Senate Bill 94, signed by Governor Schwarzenegger on Sunday, October 11, immediately prohibits attorneys and loan modification firms from charging upfront fees to homeowners in exchange for future loan modification services. Loan modification firms will also be required to disclose that their clients can receive the same services for free via government approved nonprofit loan counselors.
Schwarzenegger also signed Assembly Bill 260 into law, forbidding special fees that encourage mortgage brokers to originate high-risk loans. This law, which goes into effect January 1, 2010, will impose a fiduciary duty upon mortgage brokers, forcing them to consider the borrower’s finances before their own profits. Negative amortization loans, which have minimum payments lower than the cost of interest, will also be forbidden.
first tuesday take: The California legislature has at last taken notice of the confusing and corrupt industry that has sprung up to take advantage of highly emotional and already troubled homeowners. For analysis of the proper place of attorneys and real estate brokers in the loan modification process, see first tuesday’s March article, “Loan modification negotiations are the domain of real estate licensees.”
The problem with loan modifications is that the only modification which is meaningful to a homeowner is one that crams down the principal on the loan to the property’s value, something that lenders are not yet willing to do. Interest adjustments and temporary payment reductions are false hopes for the person who will do anything, no matter how temporary, to stay in their home.
Loan modification services, as permitted by lenders, are nothing more than scams when the loan exceeds the secured property’s value by more than 10% or 15%. Most homes financed since 2002 are in negative equity territory well beyond 25%, or even 50% (in fact, they frequently surpass 100% in excess of present value if financed during 2005-6), and getting worse for the next year or so.
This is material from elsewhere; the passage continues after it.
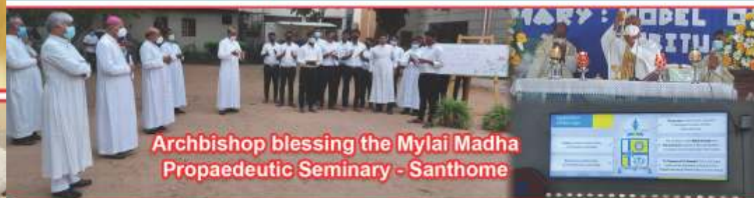
Archbishop blessing the Mylai Madha Propaedeutic Seminary - Santhome
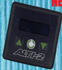
MERCURY JADE AUDIBLE ALTIMETER RECHARGEABLE BATTERY, 3 FREEFALL ALARMS & SLIM DESIGN FOR TIGHT HEADGEAR! #1 1412

The services of modification negotiations are of dubious value, since whatever services they offer are already provided for free by numerous agencies, and by lenders themselves.
Short-sale discounts will eventually become a necessity for all lenders who wish to avoid taking and reselling properties to force solvent owners to pay. When this happens, brokers negotiating a listing for a short sale property will, as an alternative to a sale, be able to concurrently negotiate a loan reduction to help the owner stay in the property. Unlike loan modification firms, brokers and their agents understand contingency fee arrangements, to be paid when the job they promised is done, and done correctly.
Re: “Loan modification firms banned from demanding upfront fees”, from the Sacramento Bee
Also see our Sacramento Gossip section for other California real estate bills passed or pending.
Great, let’s jam it to the Brokers and Salespeople Arnie and forget that the real issue here is MAKING BANKS LEND CONSUMERS THE MONEY THE FEDS GAVE THEM!
How about demanding that banks in “Cal-e-fornia” lend or get out, flex that muscle and stop over taxing us to cover your a*s! Did you forget that we’re in a depression?
PS
Tell Maria to stay off the phone when she’s behind the wheel!
I would like to follow-up to some of these comments. Personal responsibility??? What do you mean? To most of us, “personal responsibility” is taking care of ones health, family, children and finances. It does not extend to the business agreements we all make. The taking out of a loan with a lender is not a “personal responsibility”, it is a business one. When one borrows money from a lender, as part of that decision is the risk of default, for the lender and the borrower. As a borrower, one knows that the risk of non-payment on their mortgage is that they can foreclose on your home, you will have to move and your credit is impacted which may prevent you from obtaining another loan for a while. While lenders may want to escalate themselves to the same status of “personal responsibility” to taking care of ones kids, I, for one, will never buy into that nor should any other consumer. Its a business dealing, not a personal one.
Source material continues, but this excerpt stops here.